Il discorso sulla formazione applicata al mondo dell’immigrazione dovrebbe forse per prima cosa fare i conti con la peculiarità italiana, piuttosto che con una presunta peculiarità degli immigrati.

Risulta, infatti, che l’immigrazione in Italia sia meno qualificata rispetto alla media dell’immigrazione “extracomunitaria” in Europa. Secondo il XIII Rapporto annuale. Gli stranieri nel mercato del lavoro in Italia del Ministero del Lavoro e Politiche Sociali “solo il 12% degli immigrati ha una laurea, contro il 20% dei nativi”. Si noti che nell’Unione Europea gli immigrati, intesi come cittadini nati all’estero, tra i 15 e i 64 anni, non iscritti a corsi di studio, dotati di un titolo di studio successivo al diploma di scuola media superiore, risultano al 29% rispetto al 32% dei nativi europei.

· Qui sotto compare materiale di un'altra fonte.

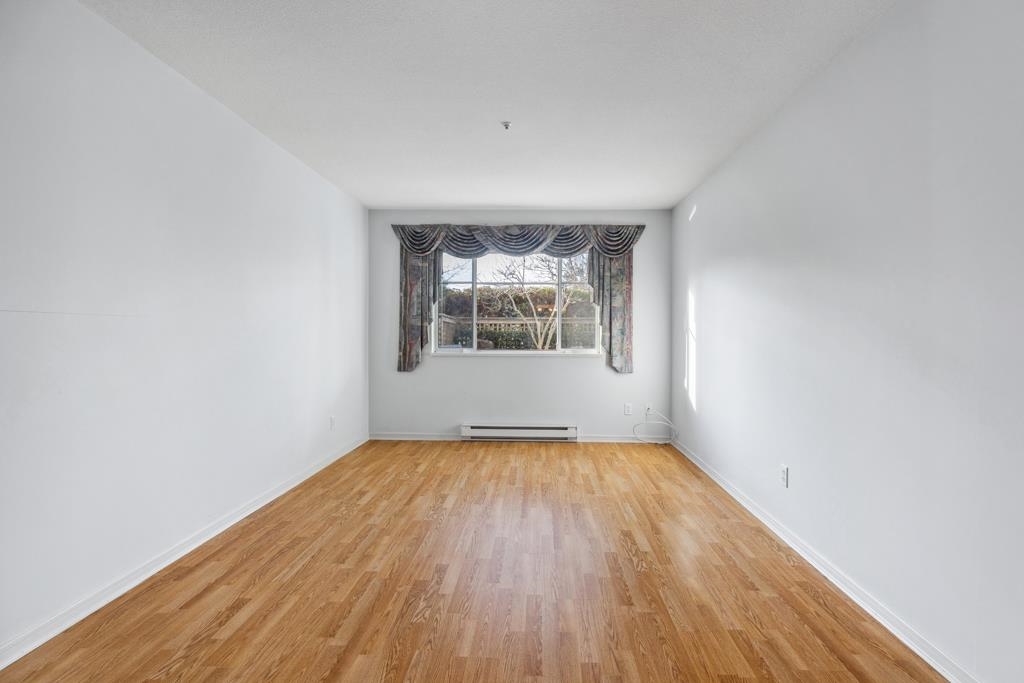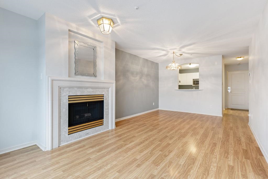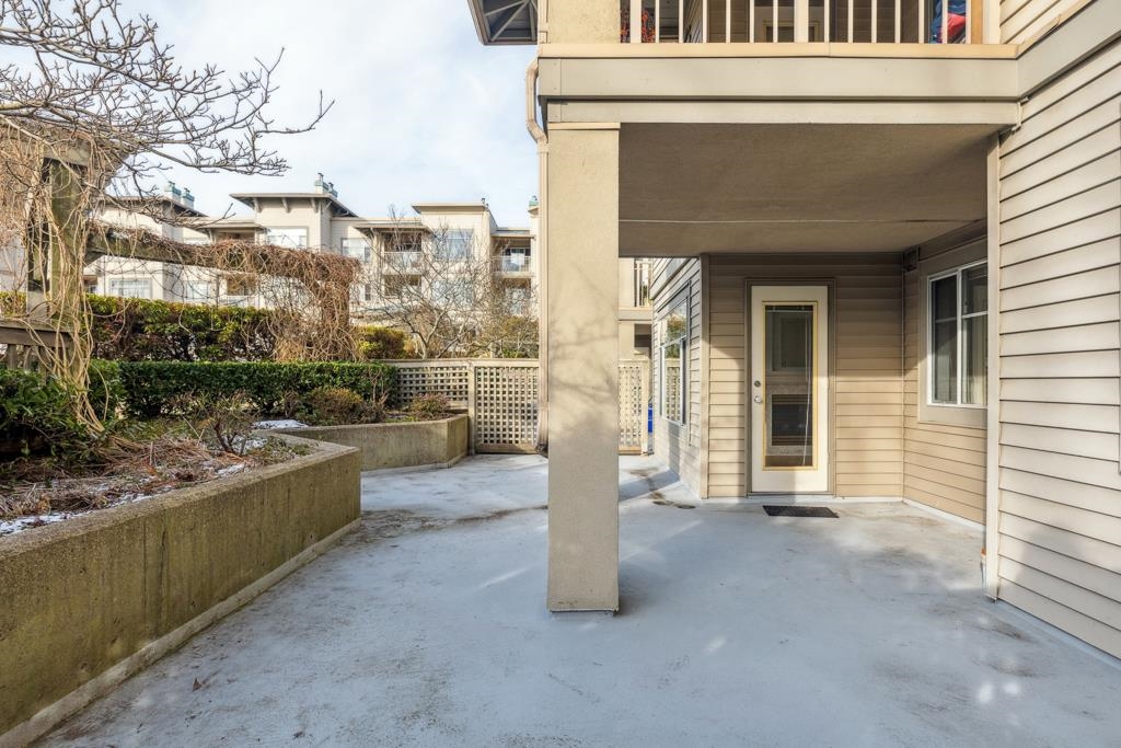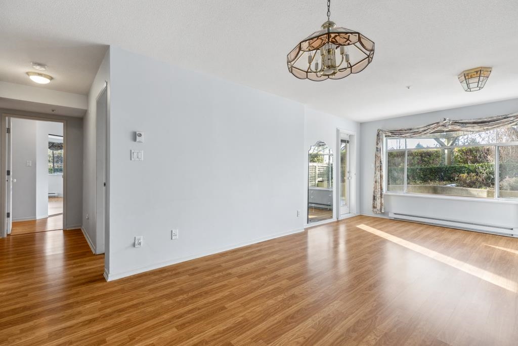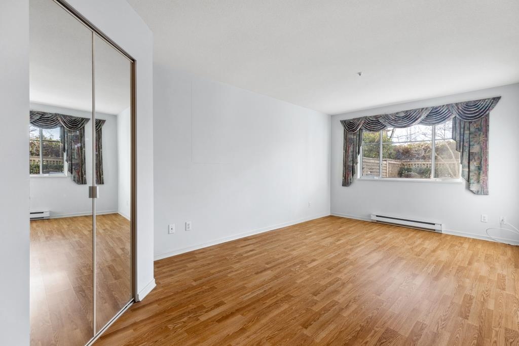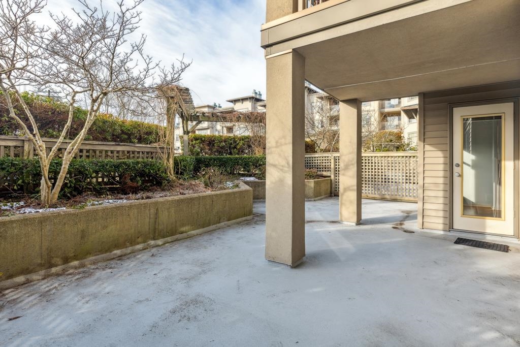 Laguna is a quiet, well-maintained gated community surrounded by mature trees and shrubs. This spacious 977sf garden-level unit offers 2 bedrooms and 2 bathrooms with laminate floors in most areas and a massive 465sf paved patio bordered by planters. The rectangular living room features a gas fireplace, ceiling light, and a large window facing the patio. The dining area has a classy chandelier, while the kitchen offers three rows of white cabinets and a pass-through window. The primary bedroom fits a king-s...

Correttamente, non si calcolano gli “stranieri” per passaporto che siano nati invece, per esempio, in Italia. Per i quali la conoscenza sin dall’infanzia della lingua locale e il percorso di studi comune agli altri cittadini non consente più di parlare di un divario di formazione in quanto immigrati. Fermi restando gli eventuali svantaggi socioeconomici, trasversali a immigrati e nativi. Questo per far notare come siano sovente esagerate e allarmistiche le denunce di un eccessivo numero di bambini “stranieri” in certe classi.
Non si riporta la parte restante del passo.